Il se demande tout à coup, comme chaque matin, comme chaque soir, pourquoi ces godasses puent la merde, c’est inexplicable,
tu as beau les rincer dans les flaques d’eau que tu croises, les frotter aux touffes herbeuses qui crissent, rien n’y fait,
il n’y a pourtant pas tant de chiens ou de bêtes sauvages, pas tant, dans ces hauteurs de cailloux saupoudrées de chênes verts, de pins et d’épineux où la pluie laisse une fine boue claire et un parfum de silex, pas de merde, et il lui serait facile de croire que c’est tout le pays qui remugle, depuis la mer, les collines d’orangers puis d’oliviers jusqu’au fin fond des montagnes, de ces montagnes, voire lui-même, sa propre odeur, pas celle des chaussures, mais il ne peut s’y résoudre et balance les godillots contre le bord de la ravine qui le dissimule du sentier, un peu plus haut dans la pente.
Il s’allonge sur le dos à même les graviers, soupire, le ciel est violacé, les lueurs du couchant éclairent par en dessous des nuages rapides, une toile, un écran pour un feu d’artifice. Le printemps est presque là et avec lui s’annoncent les pluies souvent torrentielles qui transforment les montagnes en bidons percés par des balles, dégorgeant du moindre creux une source puissante, quand l’air sent le thym et les fleurs des fruitiers, flocons blancs répandus entre les murets par la violence de l’averse. Ce serait bien le diable qu’il se mette à pleuvoir maintenant. En même temps ça laverait les bottines. Les galoches, le treillis, les chaussettes, dont les deux paires qu’il possède sont tout aussi rigides, cartonnées, délabrées. La trahison commence par le corps.

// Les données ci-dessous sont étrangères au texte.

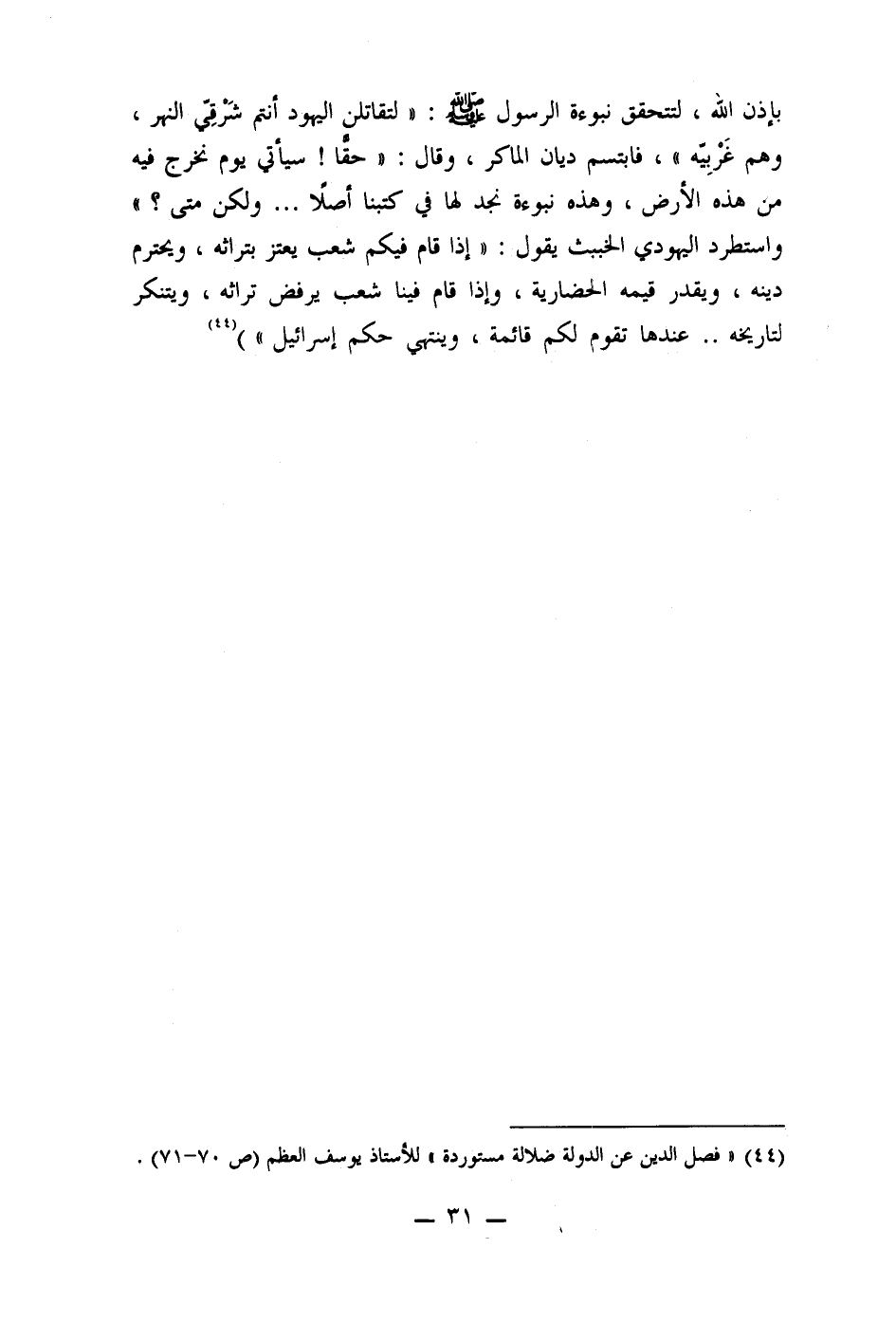(44) "فصل الدين عن الدولة ضلالة مستوردة، للأستاذ يوسف العظم (ص 70- 71) .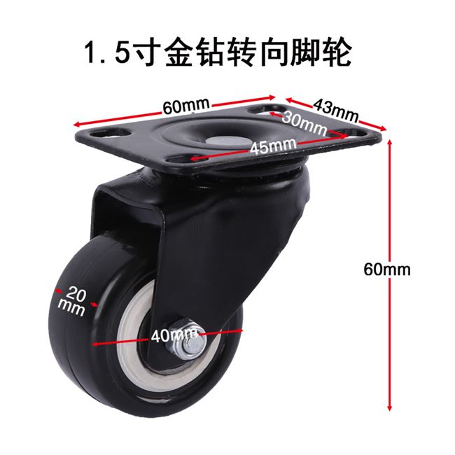 金钻轮1.5寸2寸2.5寸3黑色双轴承聚氨酯轱辘万S向轮小脚轮子刹车热门设计联盟服务商
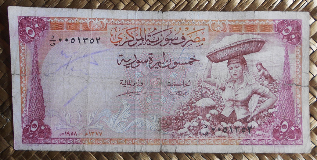El billete de 50 libras de Siria de 1958 nos deleita en su anverso con la recolectora de algodón en una cromaticidad rosácea, púrpura y anaranjada.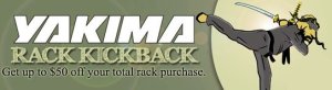 The rebate program will be running from August 15th until August 31st so if you are considering the purchase of any rack equipment or a cargo box…now is the time to do it. Yakima won’t offer deals like this until sometime NEXT YEAR!

tu ne t’es pas lavé depuis quand ?
Quatre jours que tu marches près des crêtes pour éviter les villages,
la dernière eau dont tu t’es aspergé sentait l’essence et laissait la peau grasse,
tu es bien loin de la pureté, seul sous le ciel à lorgner les comètes.
La faim le force à se redresser et avaler sans plaisir trois biscuits militaires, les derniers, des plaques brunes et dures, sans doute un mélange de sciure et de colle de vieille jument ; il maudit un instant la guerre et les soldats,
tu es encore l’un des leurs, tu portes toujours des armes, des munitions et des souvenirs de guerre,
tu pourrais cacher le fusil et les cartouches dans un coin et devenir un mendiant, laisser le couteau aussi, les mendiants n’ont pas de poignard,
les godillots à l’odeur de merde et aller pieds nus,
la veste couleur de misère et aller torse nu,
le repas achevé il boit le fond de sa gourde et joue à pisser le plus loin possible vers la vallée.
Il s’allonge à nouveau, cette fois tout contre la paroi, le bas du sac sous la tête ; il est invisible dans l’ombre, tant pis pour les bestioles (araignées rouges, scorpions minuscules, scolopendres aux dents aiguës comme des remords) qui gambaderont sur son torse, glisseront sur son crâne presque rasé, se promèneront sur sa barbe aussi rêche qu’un roncier. Le fusil contre lui, la crosse sous l’épaule, le canon vers les pieds. Enroulé dans le morceau de toile bitumée qui lui sert de couverture et de toit.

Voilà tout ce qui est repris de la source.